What the task requires:
Exactly the lines from the one with "- LDK9.6帖、洋室4.2帖" through the end of the data below must be set down, and no pictures with them.

[Opening Entries provided section]

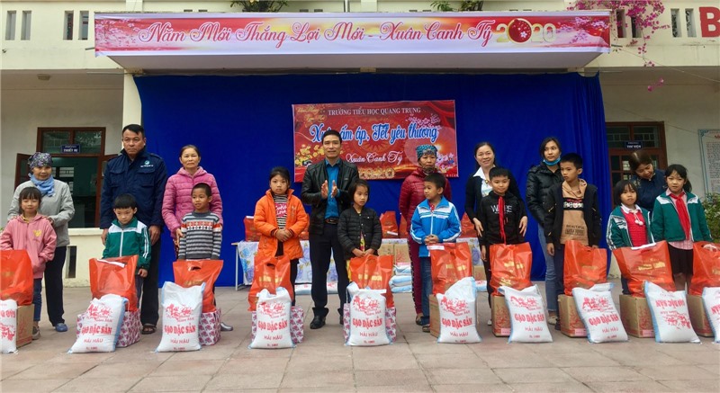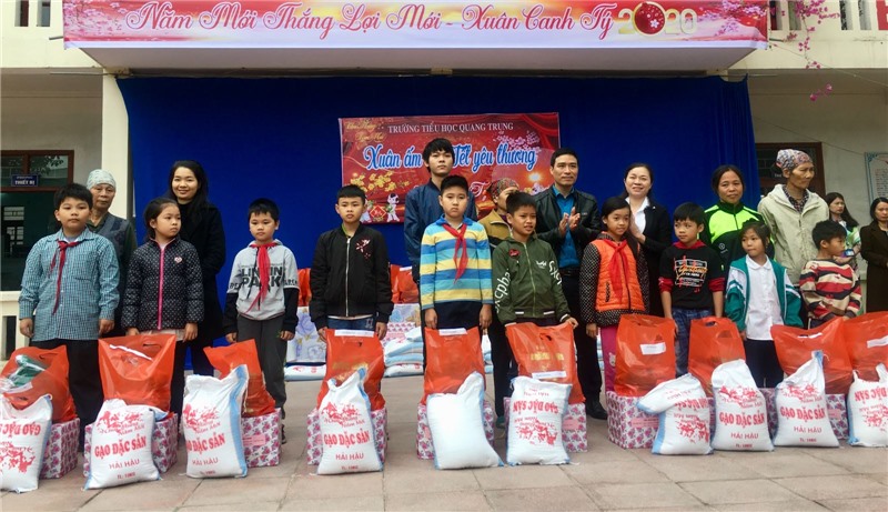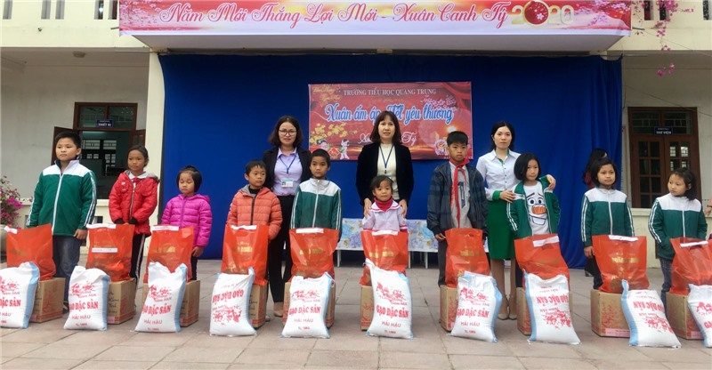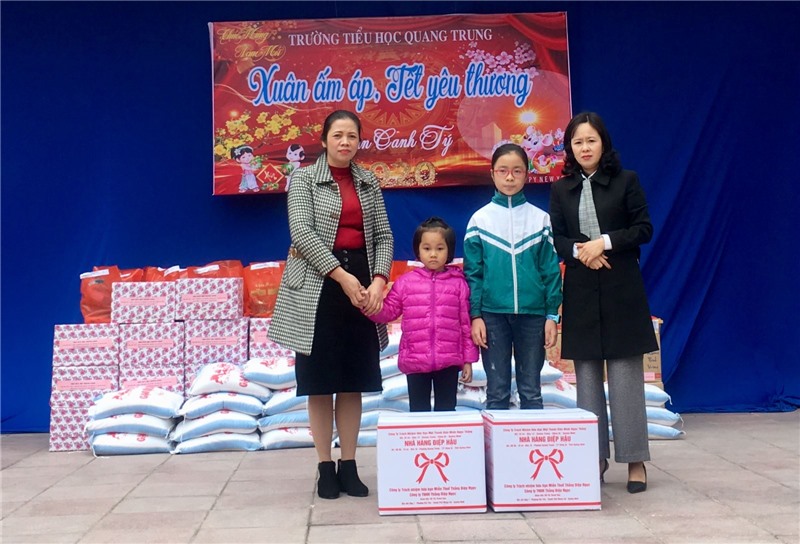 Với tinh thần tương thân tương ái, Trường Tiểu học Quang Trung đã phát động ủng hộ các em học sinh nghèo đón tết trong học sinh, phụ huynh và giáo viên nhà trường; đồng thời kêu gọi sự chung tay hỗ trợ của các doanh nghiệp trên địa bàn. Từ nguồn kinh phí ủng hộ, trường tặng 30 suất quà Tết, trị giá gần 900 nghìn đồng/suất cho 30 học sinh nghèo. Mỗi suất quà gồm áo ấm, sách vở và thực phẩm Tết. Những món quà này là sự động viên, sẻ chia kịp thời, giúp các em đón Tết ấm áp cùng gia đình, người thân. Cùng với đó, Hội Liên hiệp phụ nữ thành phố tặng 2 suất quà Tết cho 2 học sinh mồ côi, mắc bệnh hiểm nghèo; chi đoàn Trường mầm non Hoa Mai Vàng tặng 1 suất quà đỡ đầu trị giá 1,2 triệu đồng cho em Nguyễn Thị Ngọc An, lớp 5E; Liên đoàn lao động thành phố, công đoàn nhà trường cũng trao tặng 4 triệu đồng cho một giáo viên có hoàn cảnh khó khăn.
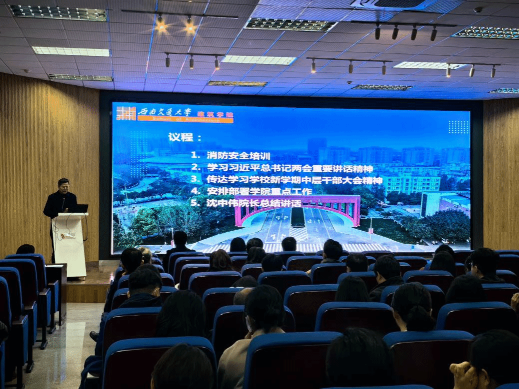 3月14日下午,太阳成集团tyc7111cc2023-2024学年第二学期第一次全院教职工大会在犀浦校区8号教学楼D300报告厅举行。太阳成集团tyc7111cc党政班子及教职工参加了此次会议。会议由公司党委副书记刘一杰主持。
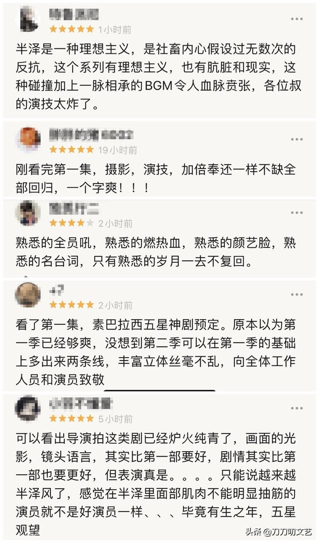 “看了第一集,五星神剧预定,原本以为第一季已经够爽,没想到第二季可以在第一季的基础上多出来两条线,丰富立体丝毫不乱”。
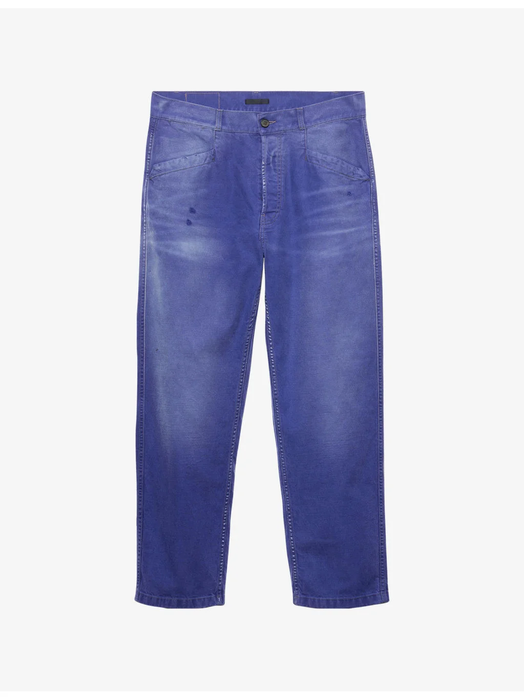 PRODUCT DETAILS - Prada denim jeans - 100% cotton - Button and button-fly fastening - Relaxed fit, mid rise, straight leg, belt loops, two welt pockets at front, patch pocket at back, brand label, vintage treatment - Dry clean - Model is 6ft 2in/1.88m and wears a size UK 38 - Midweight, non-stretch Ref: R04565069
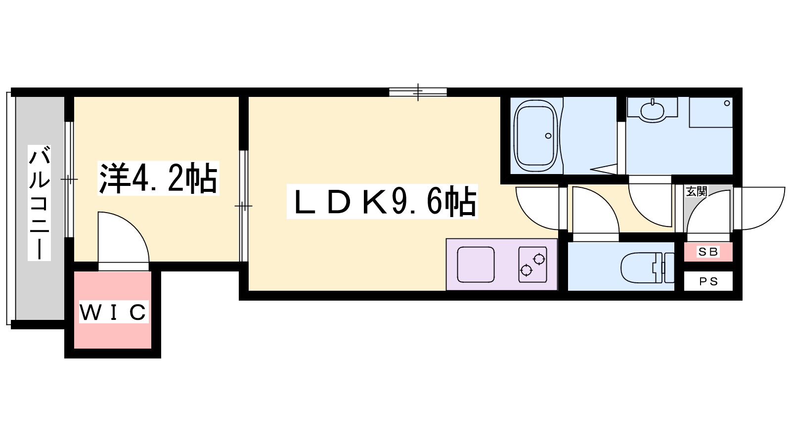 - LDK9.6帖、洋室4.2帖
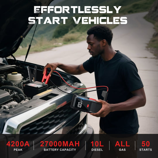 【2025 New】4200A 27000mAh Jump Starter | 10L Diesel & All Gas, 65W Car Charger & QC3.0 Fast Charge, GCZ 12 V Jump Box with LED Display

[Closing Entries provided section]

Finished exercise:
 - LDK9.6帖、洋室4.2帖
 【2025 New】4200A 27000mAh Jump Starter | 10L Diesel & All Gas, 65W Car Charger & QC3.0 Fast Charge, GCZ 12 V Jump Box with LED Display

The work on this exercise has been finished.